* [ACTION ITEM]
In the copy, keep every record exact and leave out all images.

* [RAW DATA]
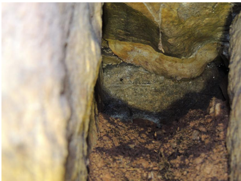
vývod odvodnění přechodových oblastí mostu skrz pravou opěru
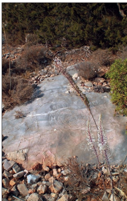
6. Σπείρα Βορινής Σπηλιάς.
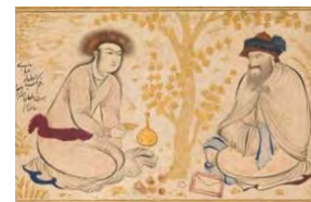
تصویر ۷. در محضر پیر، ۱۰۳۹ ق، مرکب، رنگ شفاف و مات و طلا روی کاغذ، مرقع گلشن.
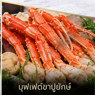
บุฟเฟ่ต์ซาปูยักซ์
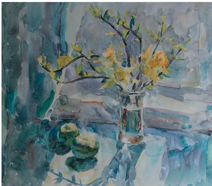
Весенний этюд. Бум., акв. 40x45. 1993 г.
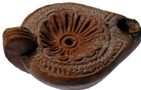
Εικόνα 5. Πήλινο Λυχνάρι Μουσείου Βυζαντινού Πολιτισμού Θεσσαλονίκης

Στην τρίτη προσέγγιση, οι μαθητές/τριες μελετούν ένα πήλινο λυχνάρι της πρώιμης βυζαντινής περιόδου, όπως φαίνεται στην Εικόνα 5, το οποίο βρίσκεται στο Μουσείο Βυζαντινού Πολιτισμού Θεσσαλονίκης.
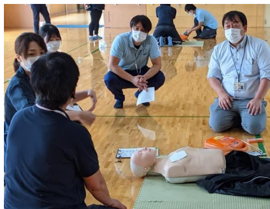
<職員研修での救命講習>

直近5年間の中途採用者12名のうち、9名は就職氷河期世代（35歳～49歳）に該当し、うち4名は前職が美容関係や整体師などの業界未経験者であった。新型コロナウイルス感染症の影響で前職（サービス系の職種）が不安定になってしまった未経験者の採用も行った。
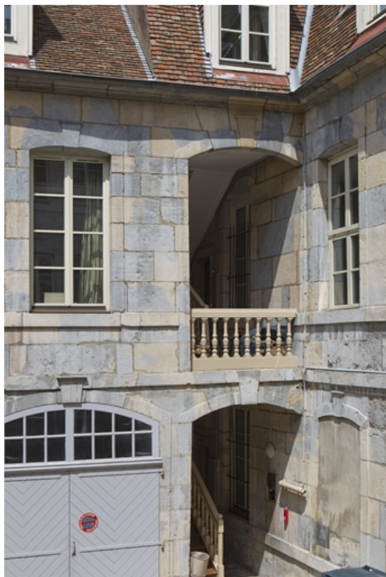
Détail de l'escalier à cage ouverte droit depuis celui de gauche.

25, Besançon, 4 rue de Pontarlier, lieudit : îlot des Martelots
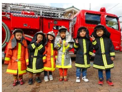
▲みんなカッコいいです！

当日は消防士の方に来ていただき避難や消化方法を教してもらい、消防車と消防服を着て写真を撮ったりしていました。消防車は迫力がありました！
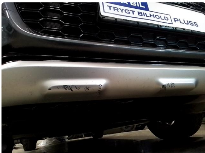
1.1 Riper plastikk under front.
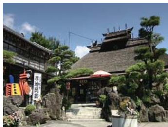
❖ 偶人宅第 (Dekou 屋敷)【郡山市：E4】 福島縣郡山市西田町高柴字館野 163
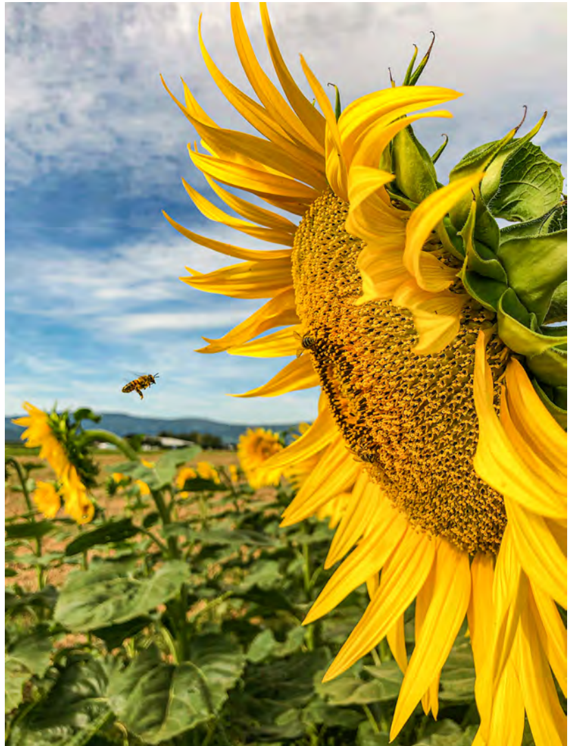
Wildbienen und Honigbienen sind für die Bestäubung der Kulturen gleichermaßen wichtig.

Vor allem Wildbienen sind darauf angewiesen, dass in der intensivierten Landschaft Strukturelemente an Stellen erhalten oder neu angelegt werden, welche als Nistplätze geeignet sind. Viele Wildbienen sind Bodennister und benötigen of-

* [ANSWER]
vývod odvodnění přechodových oblastí mostu skrz pravou opěru
6. Σπείρα Βορινής Σπηλιάς.
تصویر ۷. در محضر پیر، ۱۰۳۹ ق، مرکب، رنگ شفاف و مات و طلا روی کاغذ، مرقع گلشن.
บุฟเฟ่ต์ซาปูยักซ์
Весенний этюд. Бум., акв. 40x45. 1993 г.
Εικόνα 5. Πήλινο Λυχνάρι Μουσείου Βυζαντινού Πολιτισμού Θεσσαλονίκης

Στην τρίτη προσέγγιση, οι μαθητές/τριες μελετούν ένα πήλινο λυχνάρι της πρώιμης βυζαντινής περιόδου, όπως φαίνεται στην Εικόνα 5, το οποίο βρίσκεται στο Μουσείο Βυζαντινού Πολιτισμού Θεσσαλονίκης.
<職員研修での救命講習>

直近5年間の中途採用者12名のうち、9名は就職氷河期世代（35歳～49歳）に該当し、うち4名は前職が美容関係や整体師などの業界未経験者であった。新型コロナウイルス感染症の影響で前職（サービス系の職種）が不安定になってしまった未経験者の採用も行った。
Détail de l'escalier à cage ouverte droit depuis celui de gauche.

25, Besançon, 4 rue de Pontarlier, lieudit : îlot des Martelots
▲みんなカッコいいです！

当日は消防士の方に来ていただき避難や消化方法を教してもらい、消防車と消防服を着て写真を撮ったりしていました。消防車は迫力がありました！
1.1 Riper plastikk under front.
❖ 偶人宅第 (Dekou 屋敷)【郡山市：E4】 福島縣郡山市西田町高柴字館野 163
Wildbienen und Honigbienen sind für die Bestäubung der Kulturen gleichermaßen wichtig.

Vor allem Wildbienen sind darauf angewiesen, dass in der intensivierten Landschaft Strukturelemente an Stellen erhalten oder neu angelegt werden, welche als Nistplätze geeignet sind. Viele Wildbienen sind Bodennister und benötigen of-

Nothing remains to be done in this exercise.